The structure of (xylose)₂glucose-O-serine 53 found in the first epidermal growth factor-like domain of bovine blood clotting factor IX

We reported the presence of a new trisaccharide composed of two xylose and reducing terminal glucose residues linked to serine residues of bovine blood clotting factors VII and IX (Hase, S., Kawabata, S., Nishimura, H., Takeya, H., Sueyoshi, T., Miyata, T., Iwanaga, S., Takao, T., Shimonishi, Y., and Ikenaka, T. (1988) J. Biochem. (Tokyo) 104, 867-868). The present paper describes the detailed structural analysis of the trisaccharide.
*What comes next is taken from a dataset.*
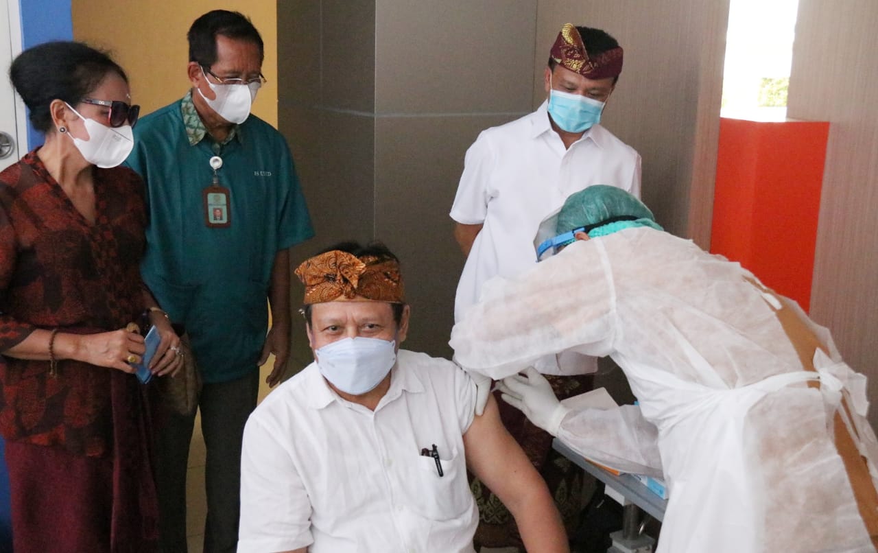Sekretaris Daerah Dewa Made Indra yang juga selaku Ketua Harian Gugus Tugas Percepatan Penanganan Covid-19 Provinsi Bali membuka pos pelayanan vaksinasi Covid-19 di Rumah Sakit Perguruan Tinggi Negeri (RS PTN) Universitas Udayana Jimbaran Kabupaten Badung, Kamis (4/3/2021). Pembukaan pos pelayanan vaksinasi covid-19 ditandai dengan pemberian vaksinasi kepada guru besar dan civitas akademika di lingkungan Universitas Udayana.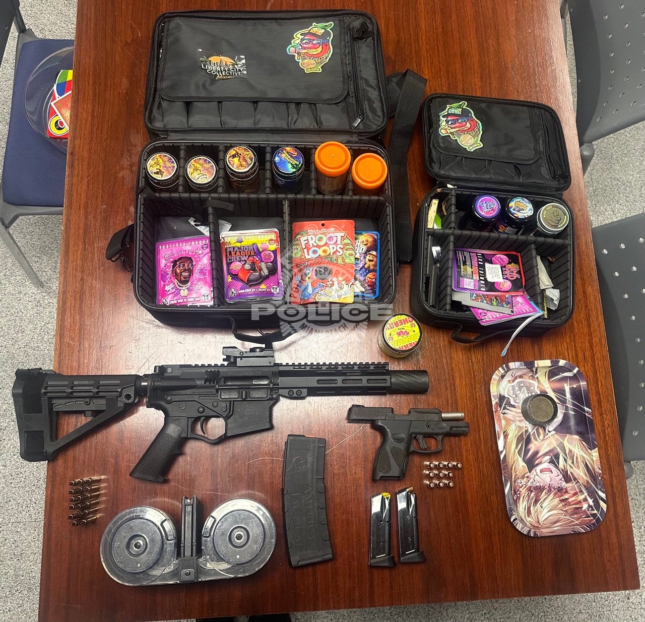 Images of some of the items seized include various guns and what appear to be drugs in packages, including one resembling a popular cereal brand.

Glycopeptides were prepared from bovine factor IX by digestion with Pronase followed by purification by column chromatography. The trisaccharide was released from the protein by the β-elimination reaction with hydrazine, and the reducing end of the sugar chain was tagged with 2-aminopyridine. The fluorescent pyridylamino derivative of the trisaccharide was purified by gel filtration and reversed-phase high performance liquid chromatography. The glycopeptides and pyridylamino-trisaccharide thus obtained were subjected to methylation study, 500-MHz ¹H nulcear magnetic resonance spectroscopy, and periodate oxidation. Glucose and xylose belong to the D series by high performance liquid chromatography on a chiral column. From the results, the structure of the trisaccharide is proposed as: D-Xyl-pα1-3-D-Xyl-pα1-3-D-Glcpβ1-O-Ser-53.